▶ **Assignment**: Beginning at the line that contains "地植えのアジュガが咲いています…", reproduce the entries below exactly, ending with the line that contains "run_nvidia_gpu.bat 파일을 실행한다.". Omit each picture.

▶ **Input for this task**:
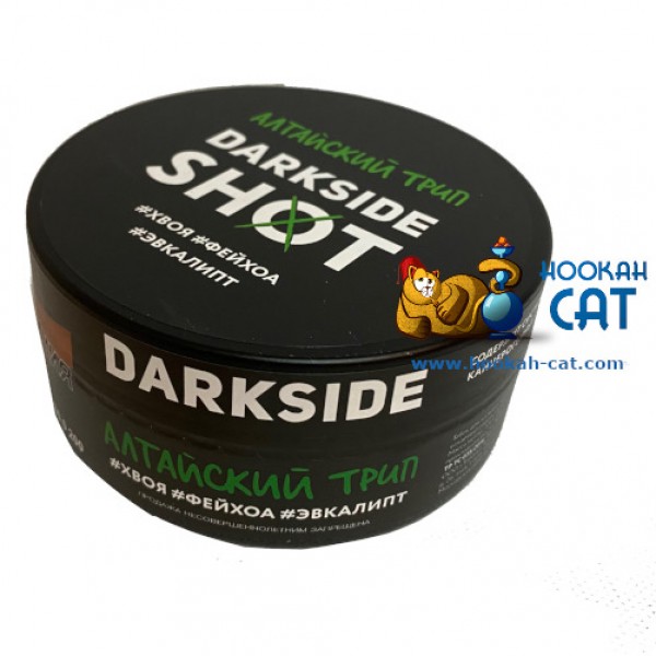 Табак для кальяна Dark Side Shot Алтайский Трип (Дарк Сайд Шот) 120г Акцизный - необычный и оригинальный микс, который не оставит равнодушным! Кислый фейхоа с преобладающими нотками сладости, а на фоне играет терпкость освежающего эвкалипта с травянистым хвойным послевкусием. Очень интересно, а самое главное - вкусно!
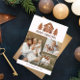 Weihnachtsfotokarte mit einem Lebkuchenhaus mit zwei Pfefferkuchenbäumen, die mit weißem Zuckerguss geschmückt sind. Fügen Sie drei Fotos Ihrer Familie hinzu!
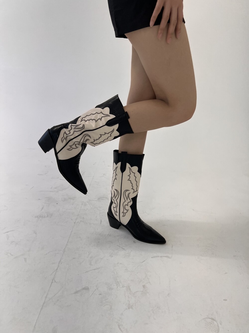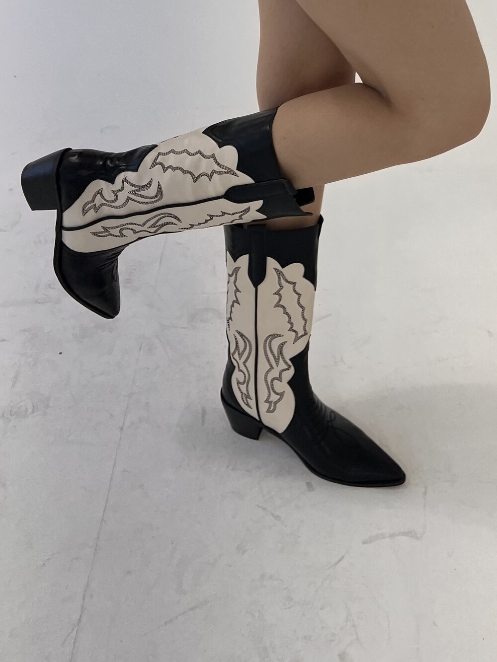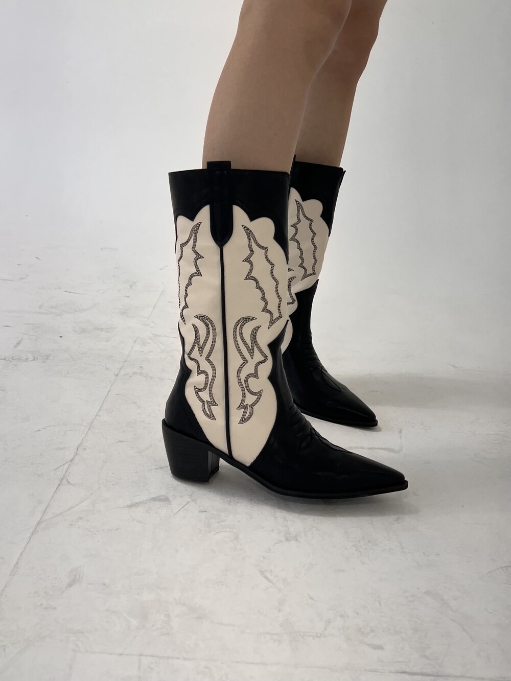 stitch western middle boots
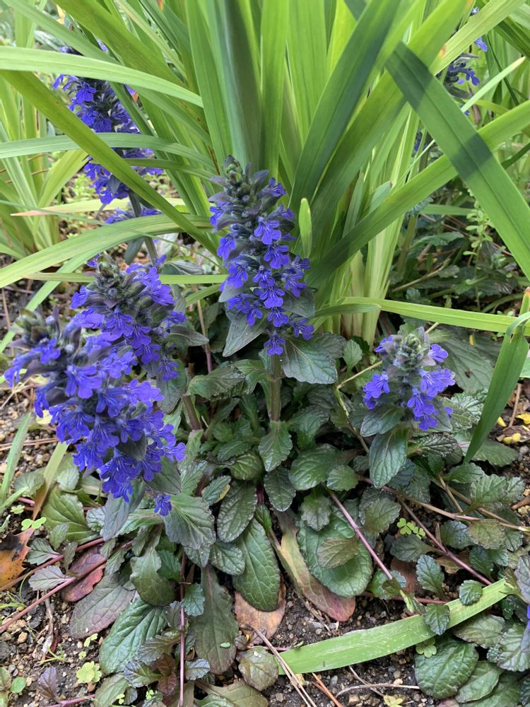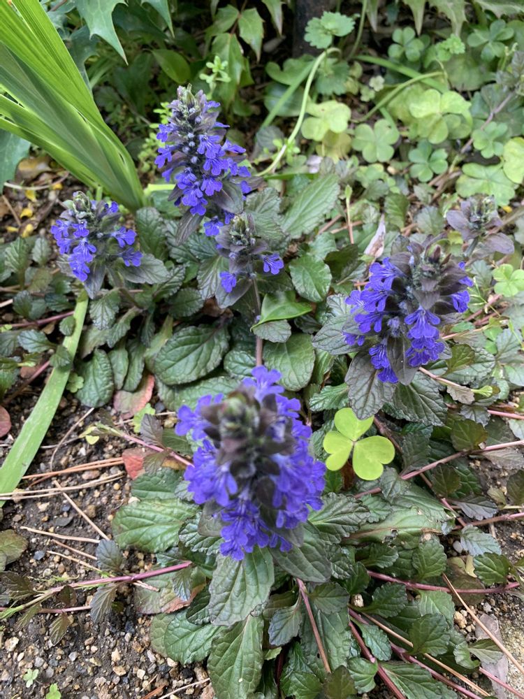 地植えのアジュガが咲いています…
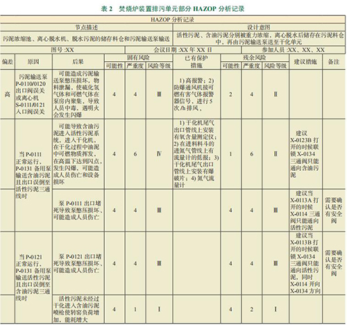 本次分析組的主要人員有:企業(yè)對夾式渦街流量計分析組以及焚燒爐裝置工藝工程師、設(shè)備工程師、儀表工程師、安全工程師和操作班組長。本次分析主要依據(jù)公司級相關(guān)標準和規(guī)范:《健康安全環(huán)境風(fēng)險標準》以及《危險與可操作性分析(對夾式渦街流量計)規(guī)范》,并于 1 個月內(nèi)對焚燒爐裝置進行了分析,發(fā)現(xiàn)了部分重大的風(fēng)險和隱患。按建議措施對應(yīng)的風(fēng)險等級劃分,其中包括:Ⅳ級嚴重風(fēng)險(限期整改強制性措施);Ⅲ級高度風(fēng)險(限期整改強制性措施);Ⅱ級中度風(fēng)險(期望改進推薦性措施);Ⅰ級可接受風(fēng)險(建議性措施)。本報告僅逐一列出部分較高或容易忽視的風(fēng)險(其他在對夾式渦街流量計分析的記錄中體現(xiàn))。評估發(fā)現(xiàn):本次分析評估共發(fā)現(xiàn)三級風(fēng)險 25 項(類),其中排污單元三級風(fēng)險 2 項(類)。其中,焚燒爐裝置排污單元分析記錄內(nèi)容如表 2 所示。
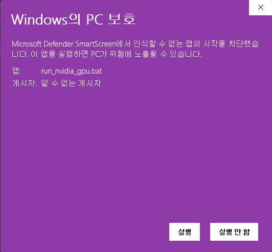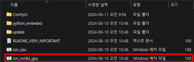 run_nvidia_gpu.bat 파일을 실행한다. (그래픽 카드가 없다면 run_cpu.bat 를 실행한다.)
...
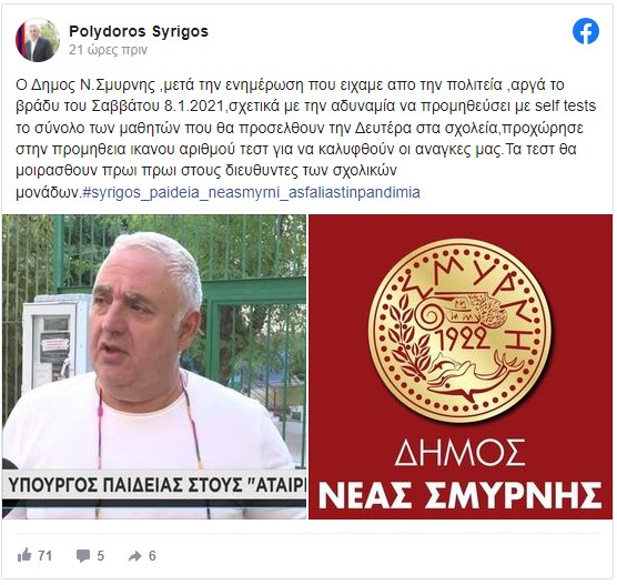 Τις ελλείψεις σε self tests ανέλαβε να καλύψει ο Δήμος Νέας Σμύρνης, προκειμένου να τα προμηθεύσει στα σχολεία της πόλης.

▶ **Reply**:
 地植えのアジュガが咲いています…
 本次分析組的主要人員有:企業(yè)對夾式渦街流量計分析組以及焚燒爐裝置工藝工程師、設(shè)備工程師、儀表工程師、安全工程師和操作班組長。本次分析主要依據(jù)公司級相關(guān)標準和規(guī)范:《健康安全環(huán)境風(fēng)險標準》以及《危險與可操作性分析(對夾式渦街流量計)規(guī)范》,并于 1 個月內(nèi)對焚燒爐裝置進行了分析,發(fā)現(xiàn)了部分重大的風(fēng)險和隱患。按建議措施對應(yīng)的風(fēng)險等級劃分,其中包括:Ⅳ級嚴重風(fēng)險(限期整改強制性措施);Ⅲ級高度風(fēng)險(限期整改強制性措施);Ⅱ級中度風(fēng)險(期望改進推薦性措施);Ⅰ級可接受風(fēng)險(建議性措施)。本報告僅逐一列出部分較高或容易忽視的風(fēng)險(其他在對夾式渦街流量計分析的記錄中體現(xiàn))。評估發(fā)現(xiàn):本次分析評估共發(fā)現(xiàn)三級風(fēng)險 25 項(類),其中排污單元三級風(fēng)險 2 項(類)。其中,焚燒爐裝置排污單元分析記錄內(nèi)容如表 2 所示。
 run_nvidia_gpu.bat 파일을 실행한다. (그래픽 카드가 없다면 run_cpu.bat 를 실행한다.)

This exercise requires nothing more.